There were 122 households, of which 18.0% had children under the age of 18 living with them, 49.2% were married couples living together, 6.6% had a female householder with no husband present, and 44.3% were non-families. 42.6% of households were one person and 27.9% were one person aged 65 or older. The average household size was 2.00 and the average family size was 2.75.

The age distribution was 20.9% under the age of 18, 4.1% from 18 to 24, 18.4% from 25 to 44, 22.5% from 45 to 64, and 34.0% 65 or older. The median age was 52 years. For every 100 females, there were 84.8 males.
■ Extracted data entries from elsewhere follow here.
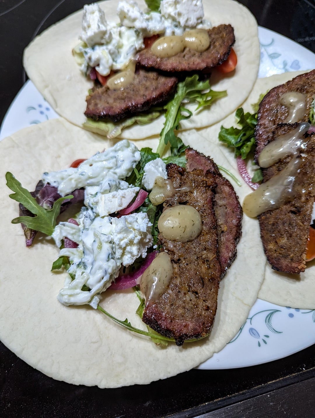 Smoked up some Donair today. After the smoke, thinly sliced and seared, paired with tzatziki, feta, tomatoes, pickled onion, spring mix, and a honey-dill sauce.
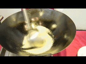 小火倒入白糖煸炒,炒化至金黄色。
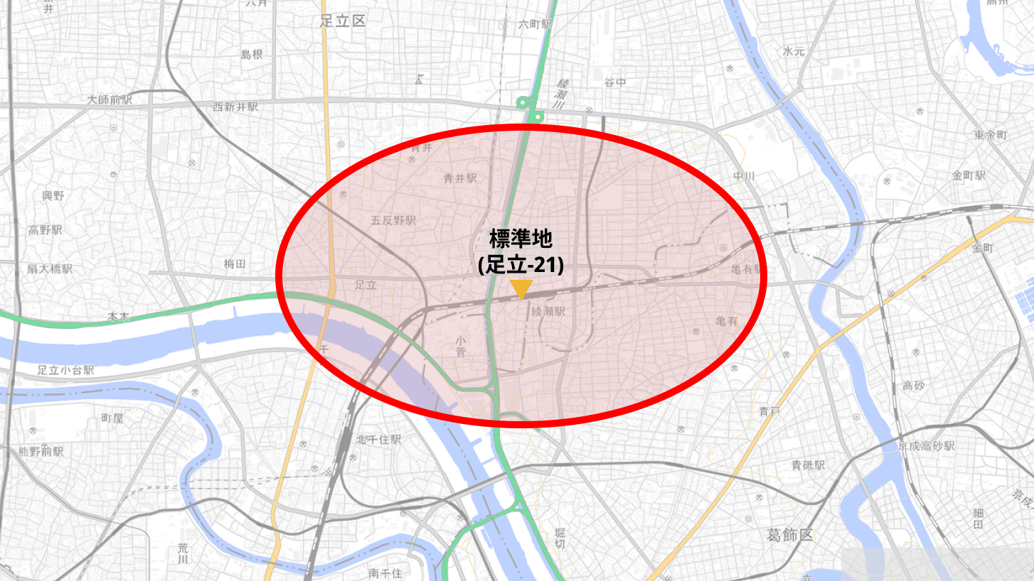 今回は、標準地(足立-21)周辺の下記エリア内のマンション事例①(築10年~19年)、マンション事例②(築20年~29年)、マンション事例③(築30年~45年)を対象に、過去5年の一般市場価格を抽出します。
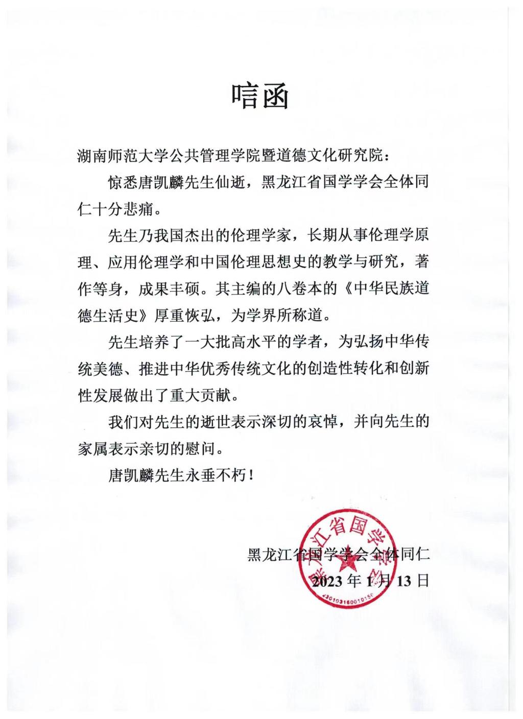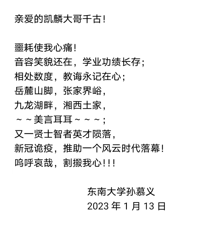 唐凯麟先生驾鹤西去,及门弟子兰甲云泣拜撰联,以寄哀思。
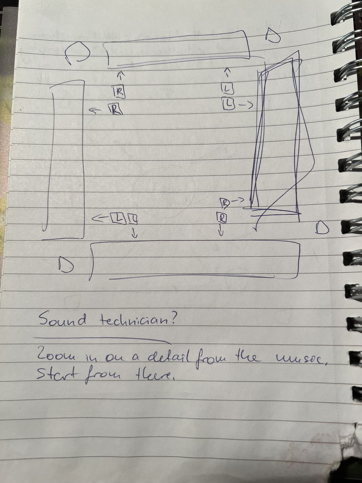 A second example is that I had the conviction that we needed click tracks to be able to synchronise movement and sounds from the tapes that were to be played, as the idea was for them to include notification sounds as cues for specific transitions, that were meant to occur simultaneously with the sound. After a discussion with the rest of the cast we got to the conclusion that that would be useful but rather impractical.
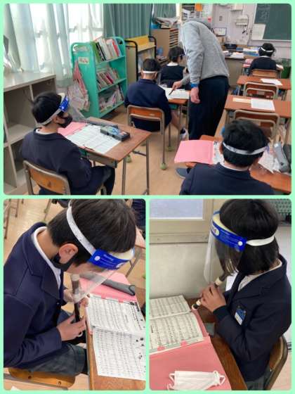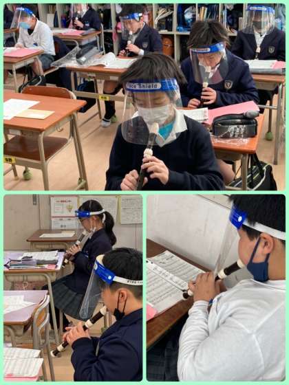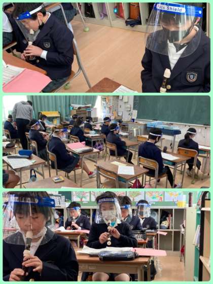 4年生は、3学期に入ってからも、感染症対策をしながらリコーダーの練習をがんばっています。この日は、茶色の小びんを吹きました。美しい曲の音色が廊下にも響いていました。
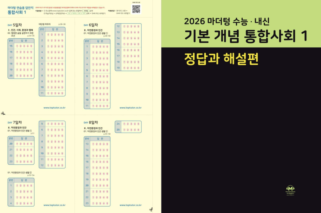 마더텅 수능 내신 기본 개념 통합사회1 답지 (2026)

For every 100 females age 18 and over, there were 80.4 males.

The median household income was $19,479, and the median family income was $26,389. Males had a median income of $16,406 versus $19,063 for females. The per capita income for the village was $11,851. About 26.3% of families and 32.8% of the population were below the poverty line, including 62.0% of those under the age of eighteen and 19.5% of those sixty five or over.